You should check the return value of fgets besides whether it is 0 or not. If it reads 500 characters and the buffer is not null-terminated, the fprintf will attempt to write more characters than is allocated for c
Main description of the problem below, where it happens. But simply, I cannot figure out why I get error messages after asking
if (outf!=NULL){
printf("Output file already exists, overwrite (y/n):");
scanf("%c",yn);
}
Where outf is a file pointer to an existing file. Please read description halfway through code.
#include <stdio.h>
#include <stdlib.h>
#include <float.h>
#include <string.h>
int main() {
/* Declare file pointer */
FILE *inf;
FILE *outf;
int linenumber,linecounter=0,linepresent;
char filename[21];
char detail[21];
char linedetail[21];
char outfilename[21];
char letter,yn='y';
int position;
/*INPUT DETAILS Ask user for file name and line number*/
printf("Please enter an input filename and a linenumber: ");
//scan filename to char string and line number to int variable
scanf("%s %i",&filename,&linenumber);
/*OUTPUT DETAILS Ask user for file name, letter & position, etc*/
printf("Please enter an output filename, a letter and a position:");
scanf("%s %c %i",&outfilename,&letter,&position);
/* Open file for reading */
inf=fopen (filename,"r");
outf=fopen(outfilename,"r");
/*check that file exists*/
if (inf!=NULL) {
Up until here everything works fine!
Then I try to find out if the outf file already exists. If outf points to an existing file, it DOES print "Output file already exists, overwrite (y/n):"

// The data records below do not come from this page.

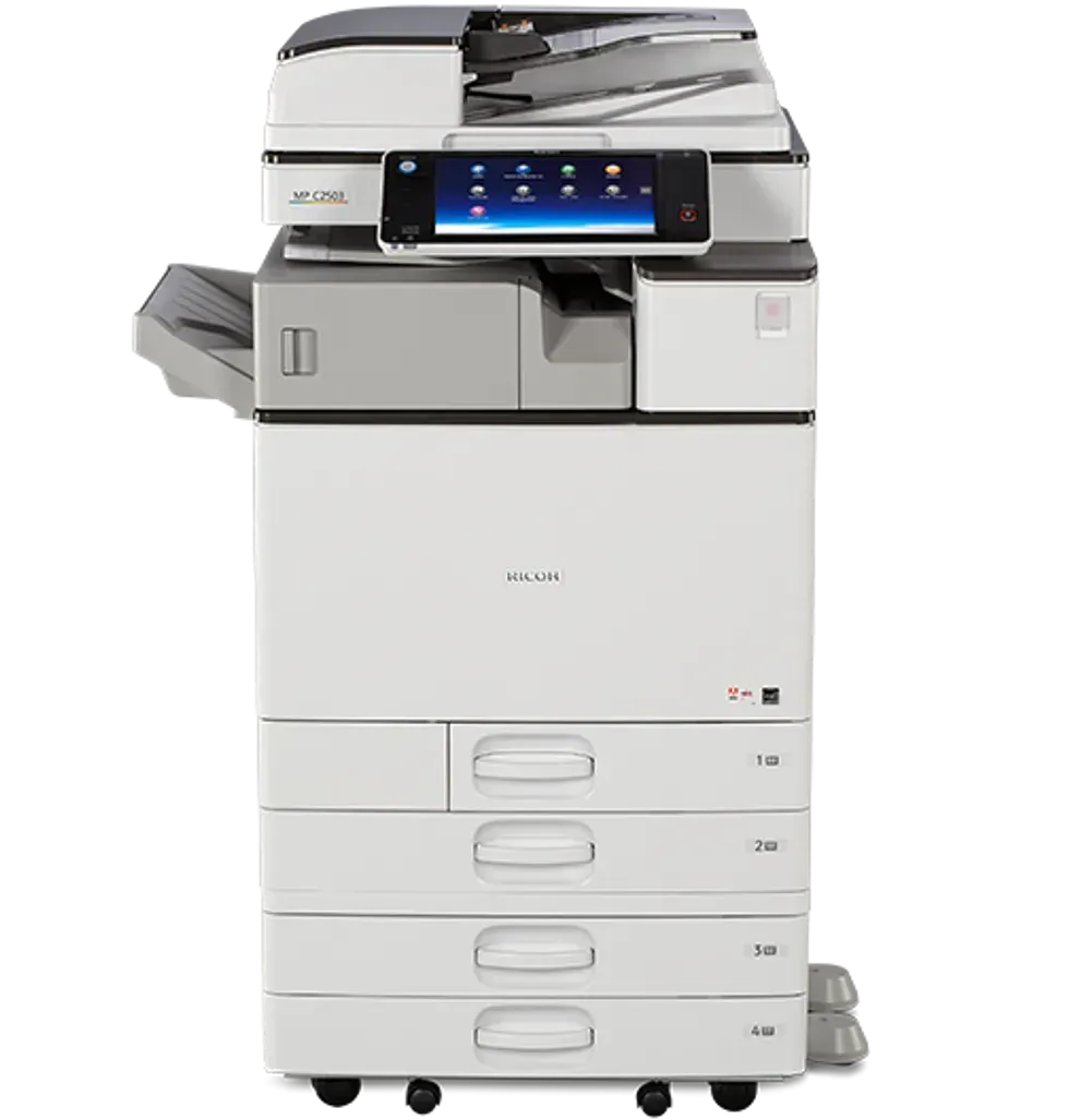 - Alimentatore di documenti da 100 fogli con fronte retro automatico.Ambienti di stampa mobile Apple AirPrint, Mopria®, Google Cloud Print, NFC, Ricoh Smart Device Connector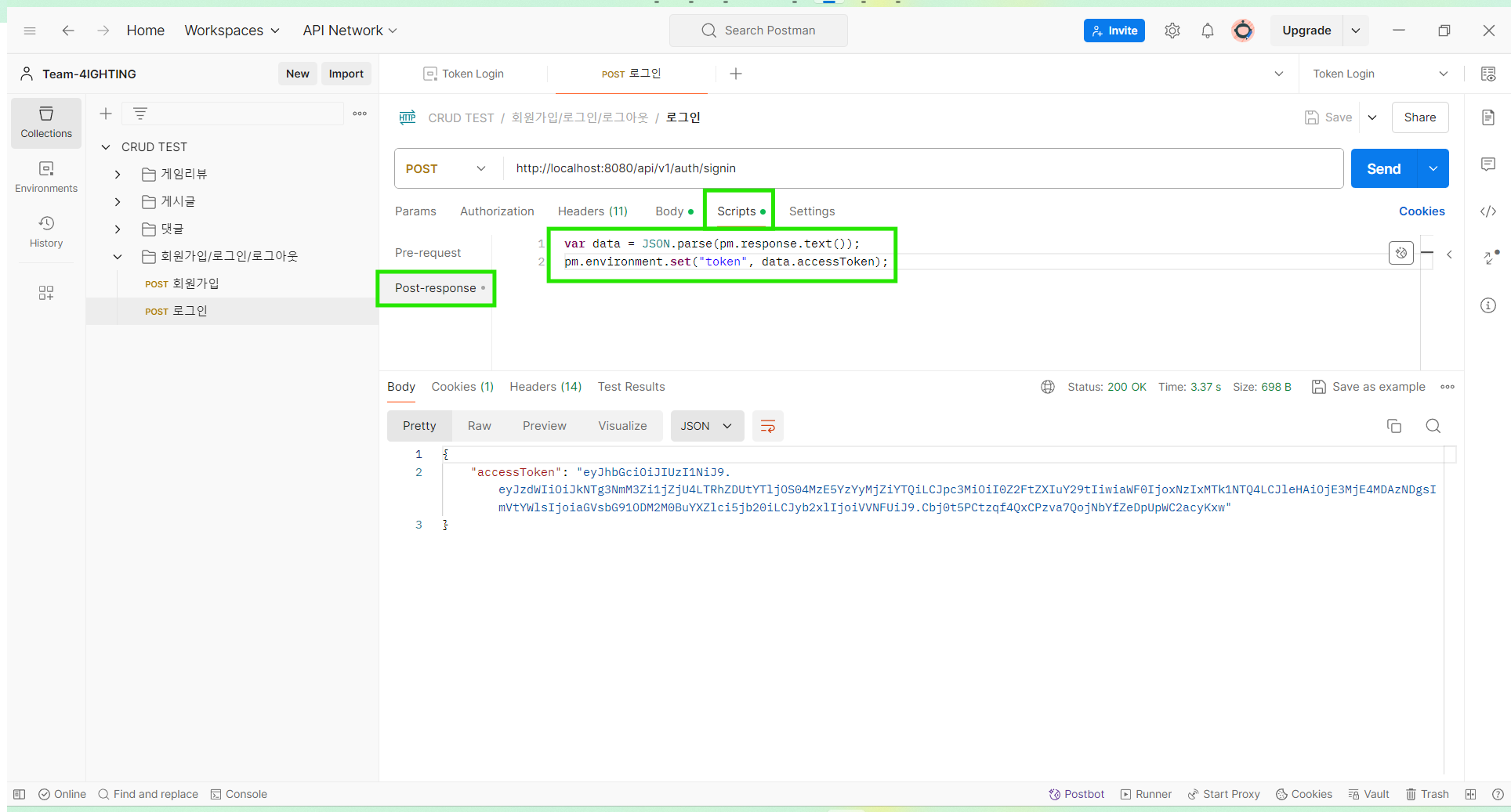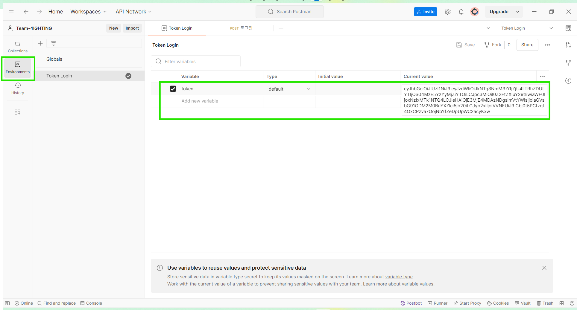 PostMan을 사용하면서 Token을 직접 추가하는 방식으로 사용했었는데 이번에 Token을 환경 변수로 설정하고 자동 갱신될 수 있게 하는 방법을 알게 되었다.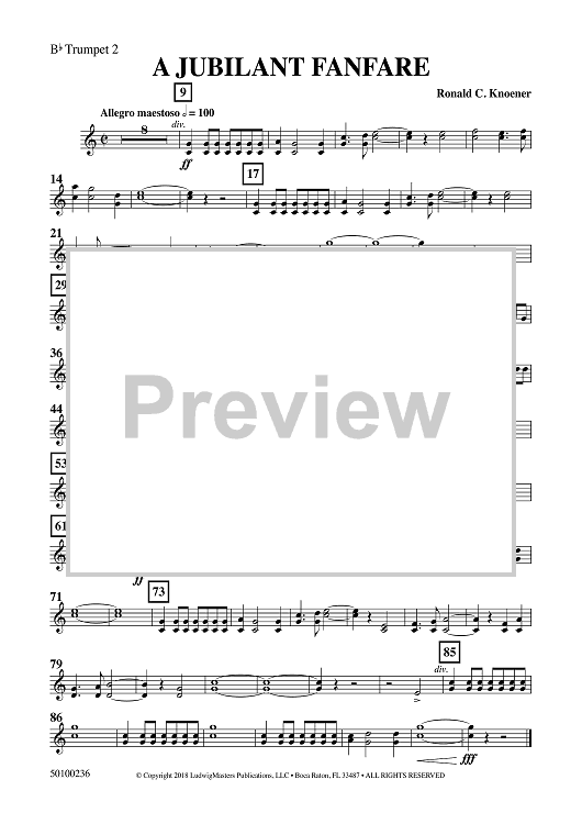 "A Jubilant Fanfare - Bb Trumpet 2" Sheet Music by Ronald C. Knoener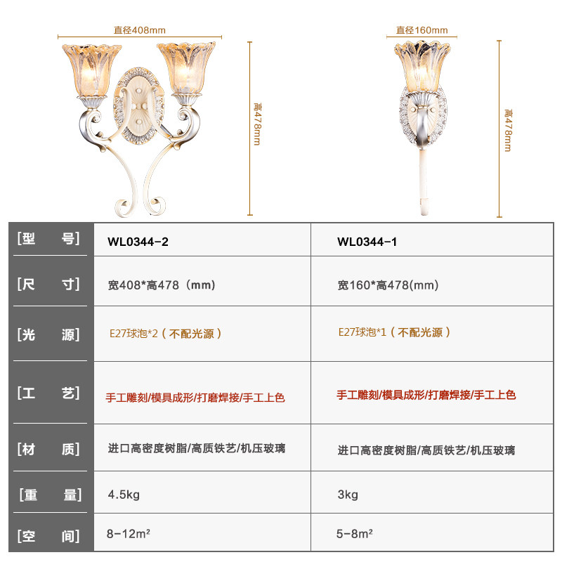 华艺灯饰艾克诗顿欧式壁灯wl0344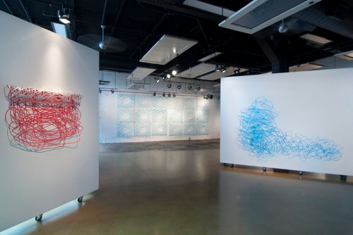 Her sincerity, too, is evidenced in her intense craft ability. Hundreds of tiny-sliced lines of paper appear to be drawn strokes in “Waves 1-5.” Blue, red and silver ink and Mylar dots on the tyvek paper make it cool, and the sculpted form of waves roll off the walls that are also situated to off-shoot from each other.
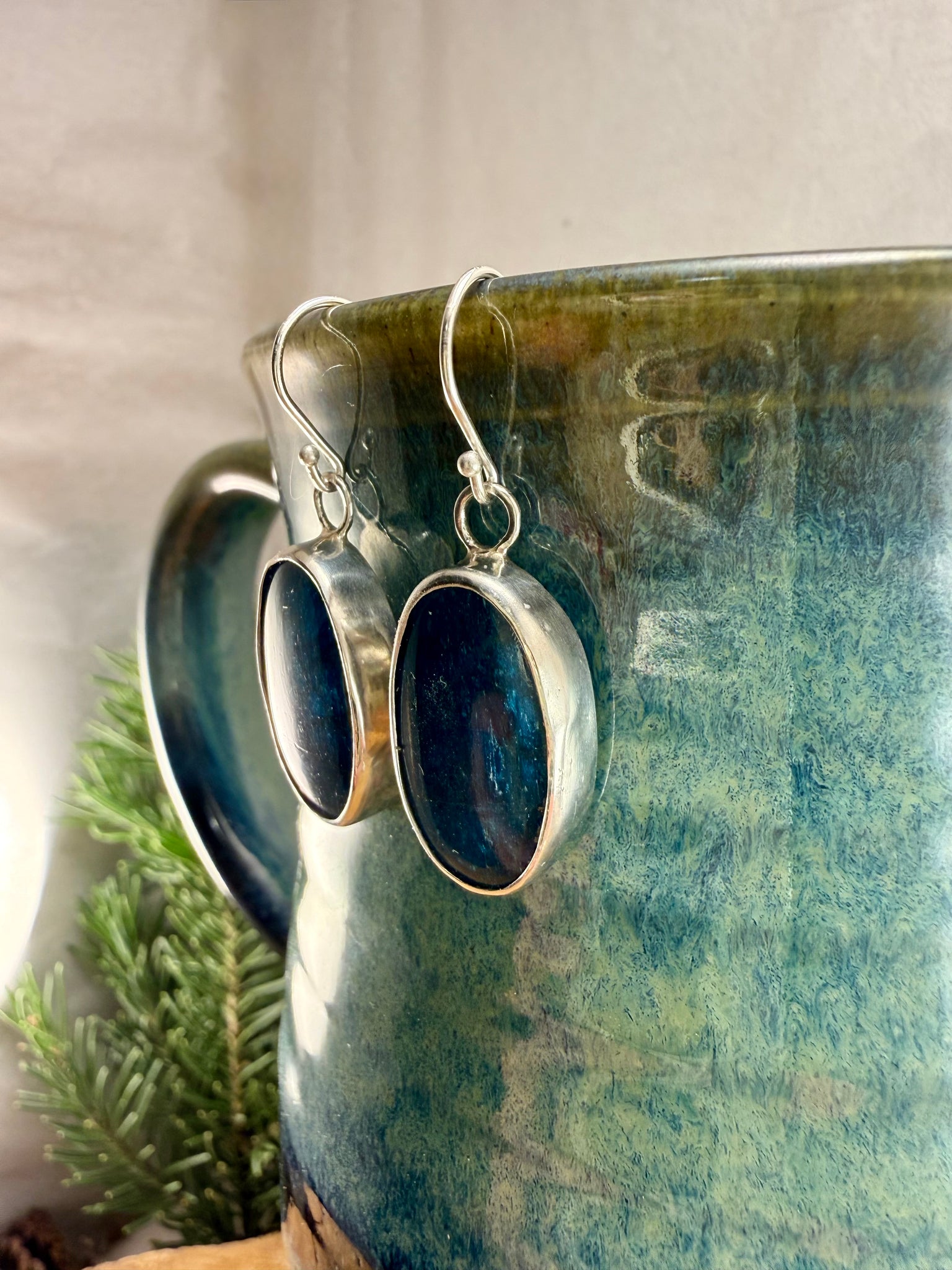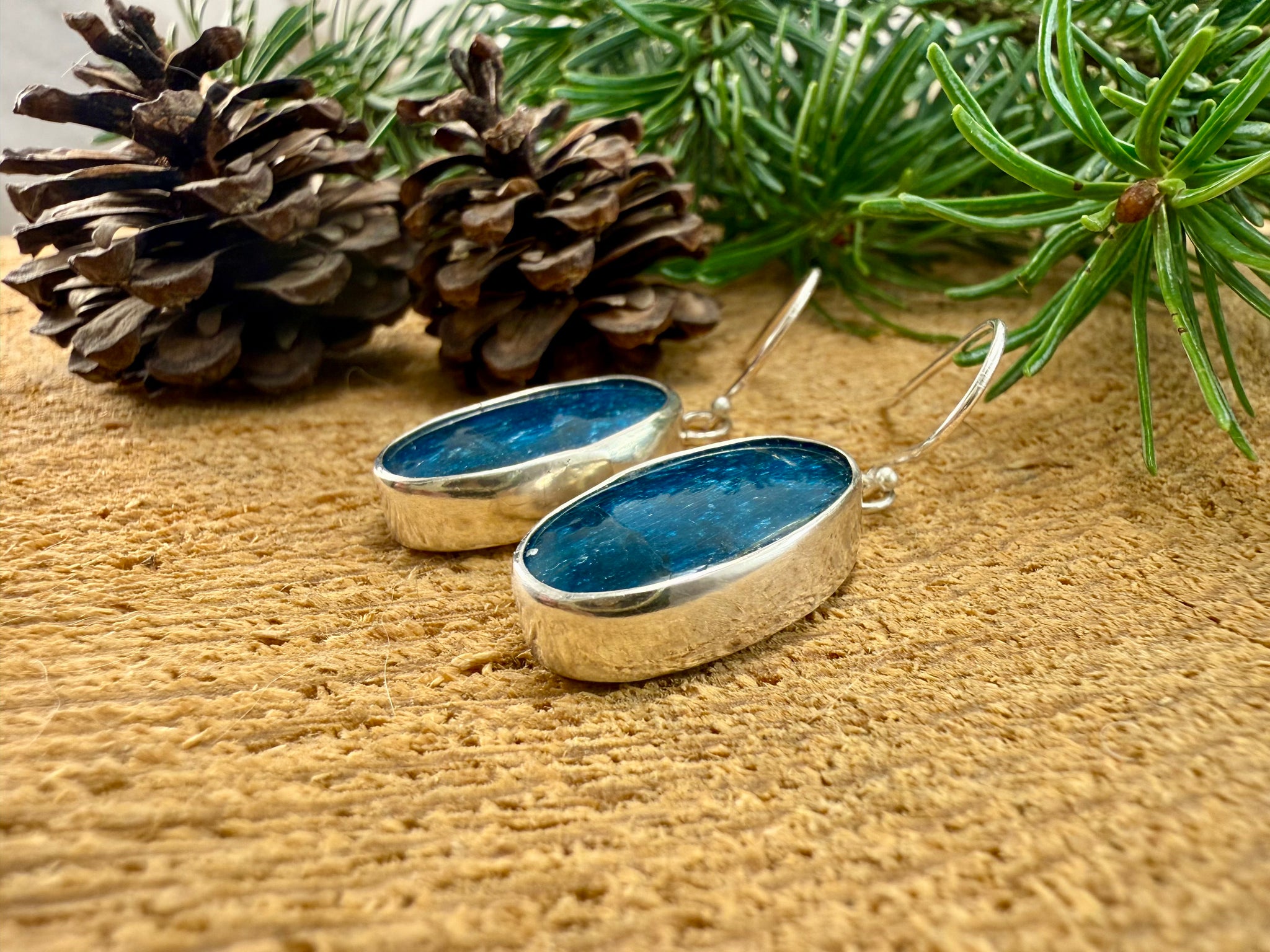 Neon Apatite gemstones set in sterling silver settings, and set on sterling silver ear wires. Earrings measure approximately 38mm long, from the top of the earring hook to the bottom of the gemstone drop, and approximately 14mm wide at the widest point of the drop.

HOWEVER, as soon as it prints this I get error windows opening! This is probably an extremely rookie mistake - I'm still learning C. If there is no such file the program completes normally and bypasses the if statement okay.
if (outf!=NULL){
printf("Output file already exists, overwrite (y/n):");
scanf("%c",yn);
}
if (yn=='y'){
/*keep reading to end of file*/
while (feof(inf)==0) {
linecounter++;
/*read each line and store the line number in detail[WORDS GO HERE]*/
fscanf (inf,"%s", &detail);
/*If we reach the line selected by the user*/
if (linecounter==linenumber){
strcpy(linedetail,detail);
linepresent=1;
}
}
if (linepresent==0) {
printf("File only contains %i lines",linecounter);
}
} else {
exit(1);
}
} else {
printf("Input file not found");
}
printf("%s",linedetail);
/* close the file */
fclose(inf);
fclose(outf);
return (0);
}
First, already mentioned problems: You're opening the output file in reading mode. To open it for writing:
outf=fopen(outfilename,"w"); /* Note the "w". */
Also, scanf() accepts pointers to variables, not their values, so if you write scanf("%c", yn);, you will give scanf the character y as a pointer, which is nonsense. You need to do it like this: scanf("%c", &yn);.
Even if you fix these, however, your program won't do what you expect. If the file you're trying to open for writing doesn't exist, fopen() won't return NULL, it will create a new file. Your code will always overwrite the output file if it exists. NULL is returned only if fopen couldn't open/create the file (e.g. you didn't have the permissions to do it), and you should handle it like this:
outf=fopen(outfilename, "w");
if(outf == NULL) {
perror("Failed to open output file: ");
fclose(inf); /* Don't leave files opened. It's bad form. */
exit(1);
}
/* Open succeeded, do your stuff here. */
Note that no else block is needed after the if, because exit() ends the program immediately.
Also, there is no such thing as a "pointer to a file". FILE is just a structure that represents an open file.
http://www.cplusplus.com/reference/clibrary/cstdio/fopen/
You are open the output file with the read flag. Try changing it to "w".
outf=fopen(outfilename,"w");
Although it is worth noting writing to a file opened with "w" will whack the old file. use "a" to append to the file.
You should pass the address of yn to scanf function.